| TASK ITEM |
Up to and including the line that contains "1学期の生命科を通して「過去", write out every line of the entries exactly, beginning with the first. Omit the pictures.

| DATA FOR ANALYSIS |
---------------

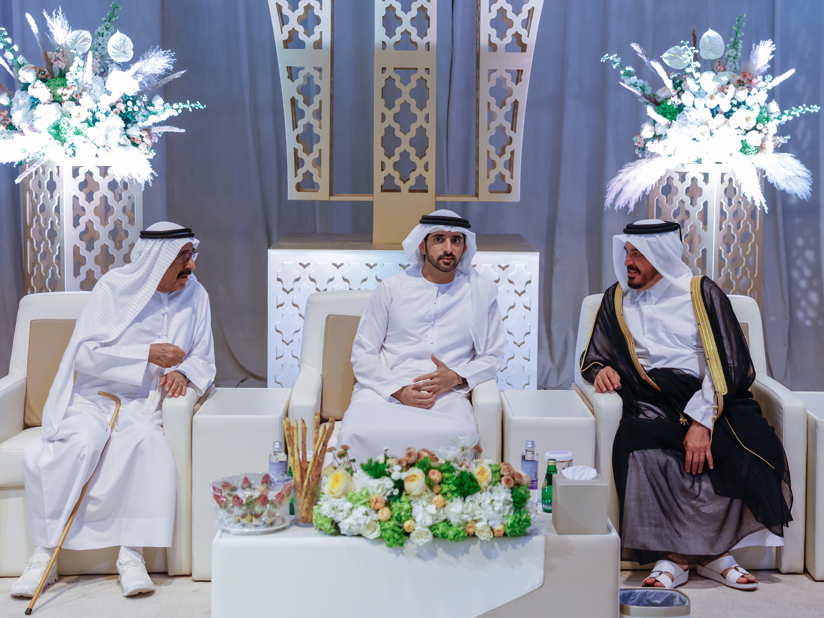 حضر سموّ الشيخ حمدان بن محمد بن راشد آل مكتوم، ولي عهد دبي، نائب رئيس مجلس الوزراء وزير الدفاع، رئيس المجلس التنفيذي لإمارة دبي، حفل الاستقبال الذي أقامه اليوم، الشيخ عبدالله بن محمد بن علي آل ثاني، في نادي الشارقة للجولف والرماية، بمناسبة زفاف نجله الشيخ غانم بن عبدالله بن محمد بن علي آل ثاني
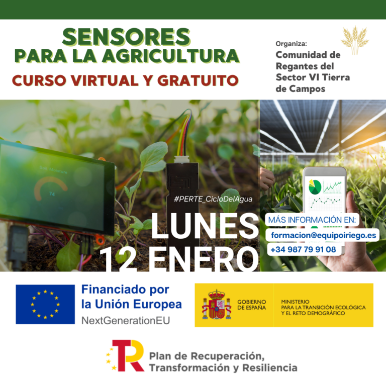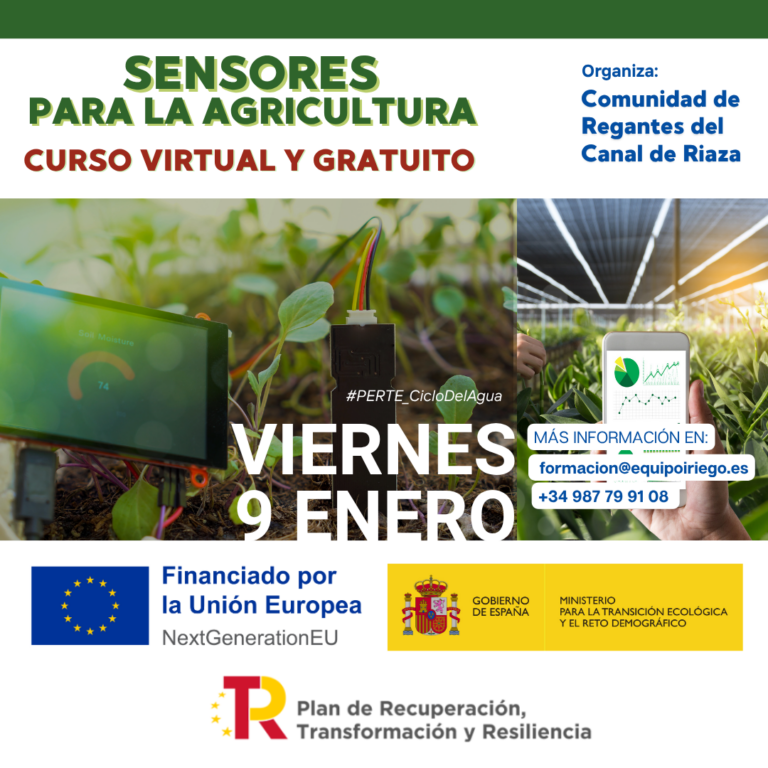 Curso formativo ‘Sensores para la agricultura’. 09 de enero de 2026. Objetivos: Conocimientos sobre la gestión y uso eficiente del agua, buenas prácticas y estructura del regadío modernizado. Modalidad: Virtual y gratuito. Este curso se enmarca en las acciones del…
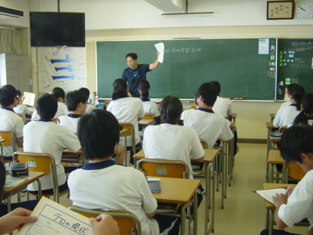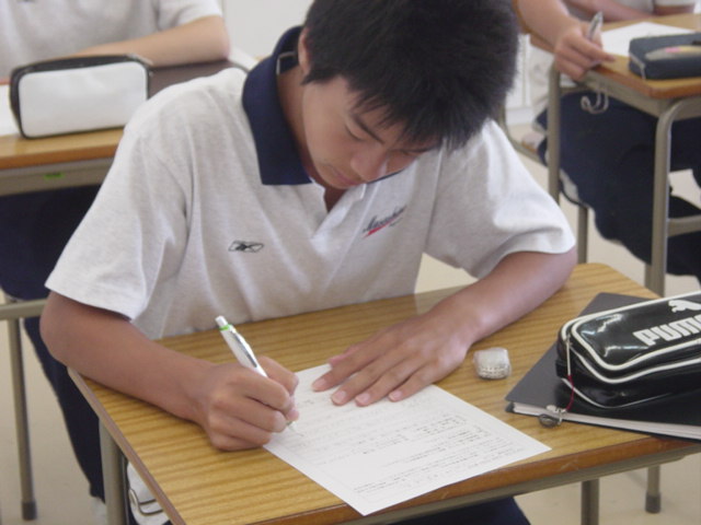 1学期の生命科を通して「過去の事実を知る」ことをテーマに、第二次世界大戦を中心として特攻隊、硫黄島の戦い、原爆、沖縄戦、ホロコーストについて学習してきました。過去の人間の過ちや悲惨な事実を知った上で、平和に向けて自分たちに出来ることを考え、実行することが次の段階です。今回はそれに加え、これまでの学習で印象に残った事について意見交換を行い、平和学習のまとめとしました。2学期からは「死生観」をテーマに生命について学んでいきます。
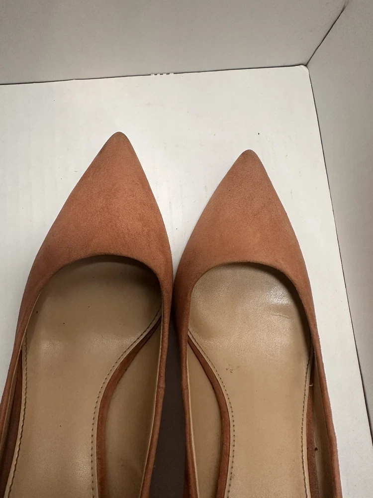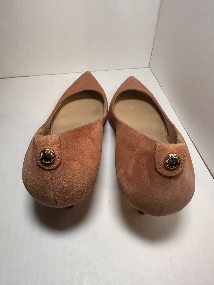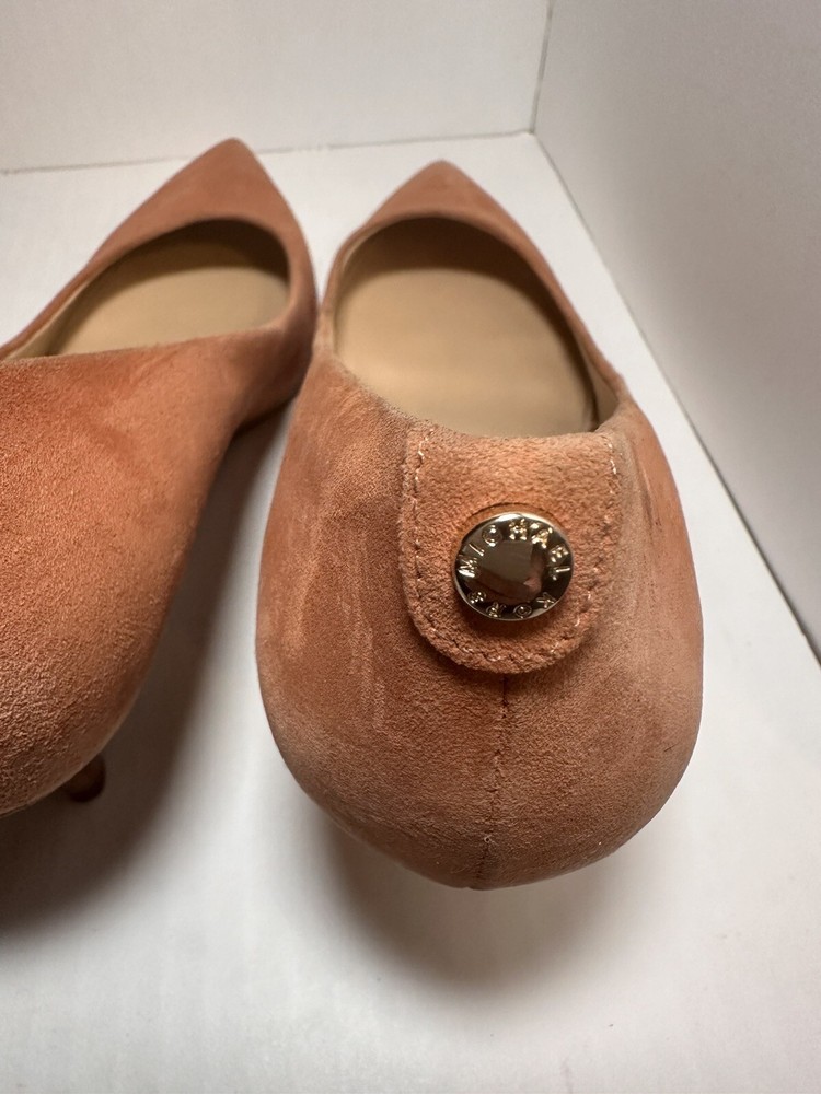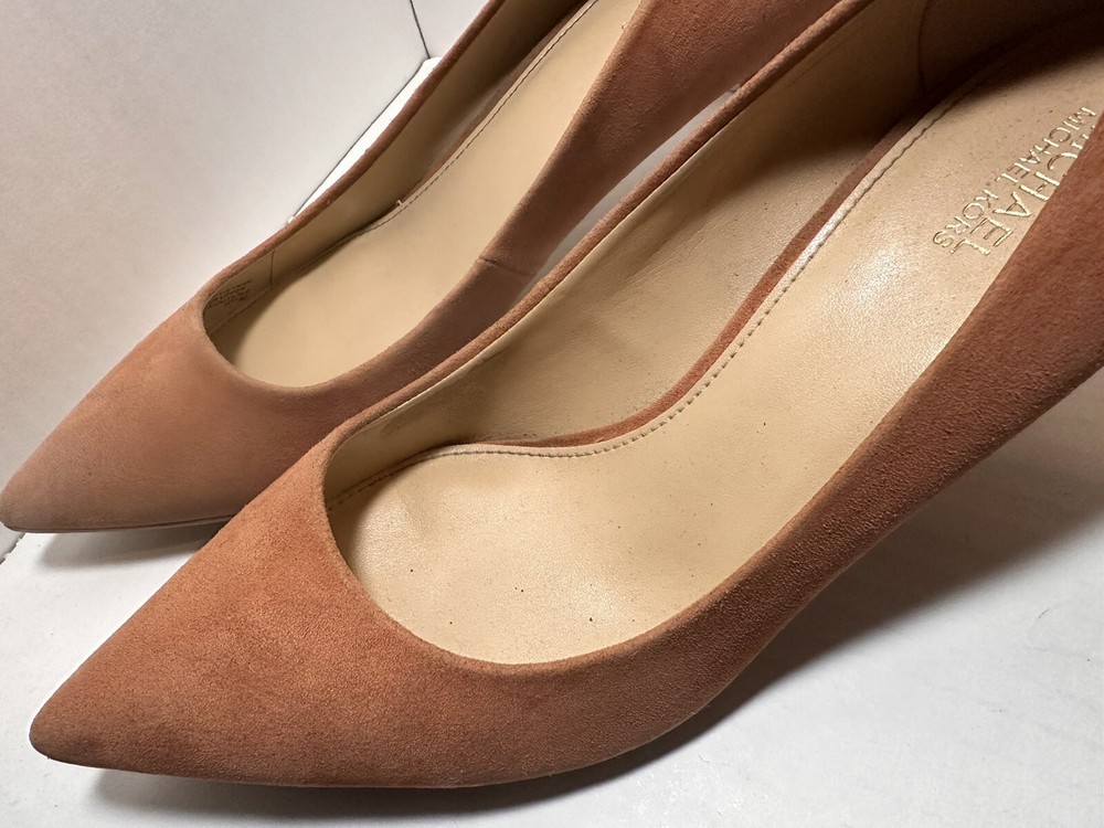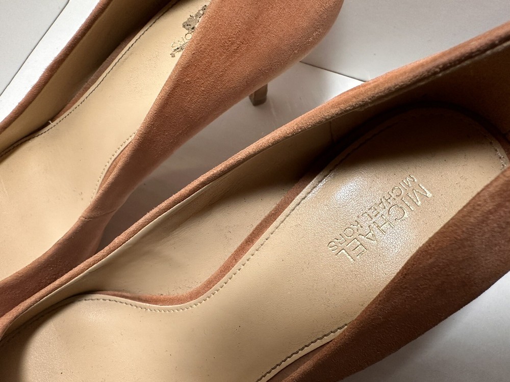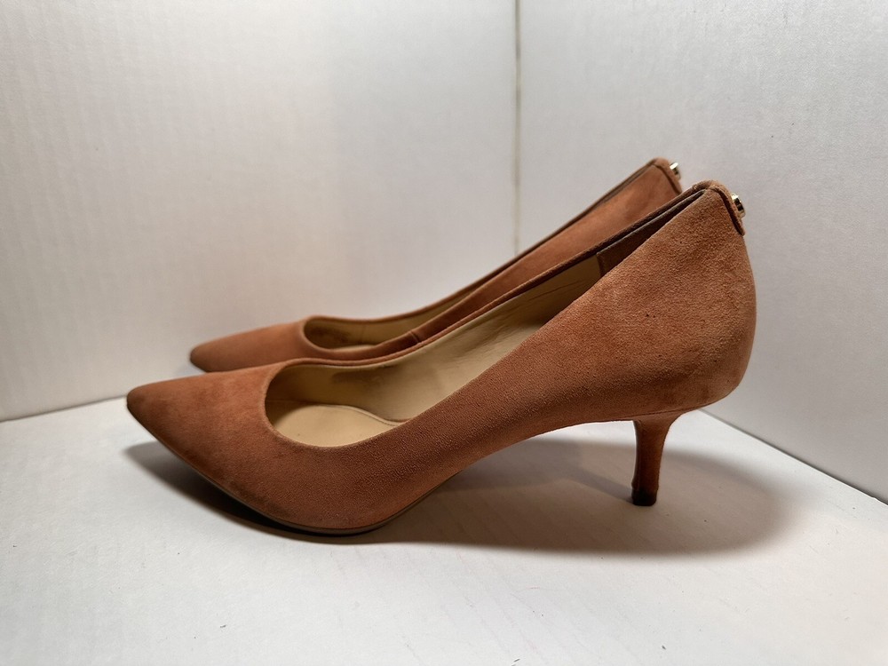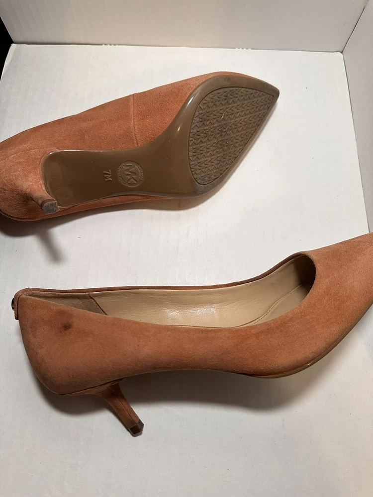 Elevate your shoe collection with these stunning Michael Kors pumps in a gorgeous orange hue. The pointed toe and mid-heel style make them a classic choice, perfect for any occasion. The slip-on design and leather/suede upper material offer both comfort and style. The shoe features the Michael Kors logo as an accent and has a solid pattern. It comes in US shoe size 7 and has a Stiletto heel style. The lining and insole material are both made of leather, while the outsole is made of leather as well. These pumps are a must-have for any fashion-forward woman. Please note that shoes are in EUC. Maybe just need a little cleaning but other than that the shoes are in great condition. Please review the images and ask questions.
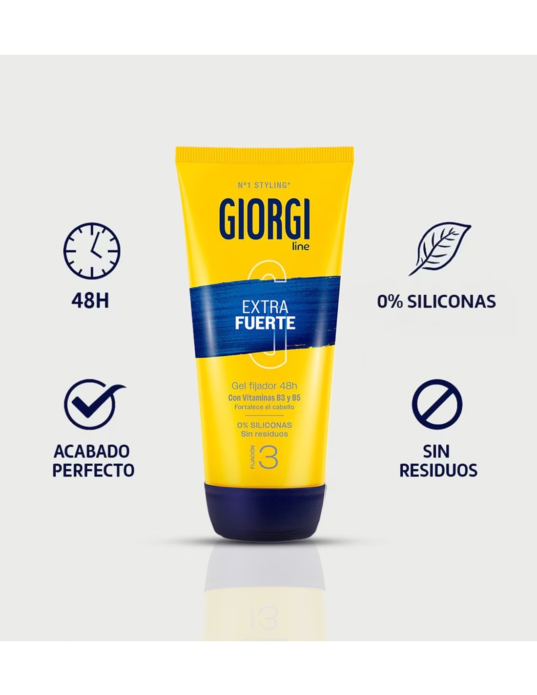 Consigue un peinado inamovible y con control total gracias al Giorgi Gel Fijador Extra Fuerte 48h Fijación 3 170 ml. Este gel de fijación de nivel 3 (Extra Fuerte) está diseñado para ofrecer una duración excepcional, manteniendo tu look perfecto hasta por 48 horas. Su fórmula avanzada proporciona una fijación potente que resiste la humedad y el movimiento, sin dejar residuos visibles ni apelmazar el cabello.
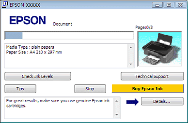 Tips (Tips!)I tekstboksen i progresjonsmålervinduet vises det forskjellige tips om hvordan du får best mulig utbytte av driveren for Epson-skriveren. Hvis du vil ha flere detaljer om tipset som vises i vinduet, velger du knappen Details (Detaljer).

---------------

| RESPONSE AREA |
 حضر سموّ الشيخ حمدان بن محمد بن راشد آل مكتوم، ولي عهد دبي، نائب رئيس مجلس الوزراء وزير الدفاع، رئيس المجلس التنفيذي لإمارة دبي، حفل الاستقبال الذي أقامه اليوم، الشيخ عبدالله بن محمد بن علي آل ثاني، في نادي الشارقة للجولف والرماية، بمناسبة زفاف نجله الشيخ غانم بن عبدالله بن محمد بن علي آل ثاني
 Curso formativo ‘Sensores para la agricultura’. 09 de enero de 2026. Objetivos: Conocimientos sobre la gestión y uso eficiente del agua, buenas prácticas y estructura del regadío modernizado. Modalidad: Virtual y gratuito. Este curso se enmarca en las acciones del…
 1学期の生命科を通して「過去の事実を知る」ことをテーマに、第二次世界大戦を中心として特攻隊、硫黄島の戦い、原爆、沖縄戦、ホロコーストについて学習してきました。過去の人間の過ちや悲惨な事実を知った上で、平和に向けて自分たちに出来ることを考え、実行することが次の段階です。今回はそれに加え、これまでの学習で印象に残った事について意見交換を行い、平和学習のまとめとしました。2学期からは「死生観」をテーマに生命について学んでいきます。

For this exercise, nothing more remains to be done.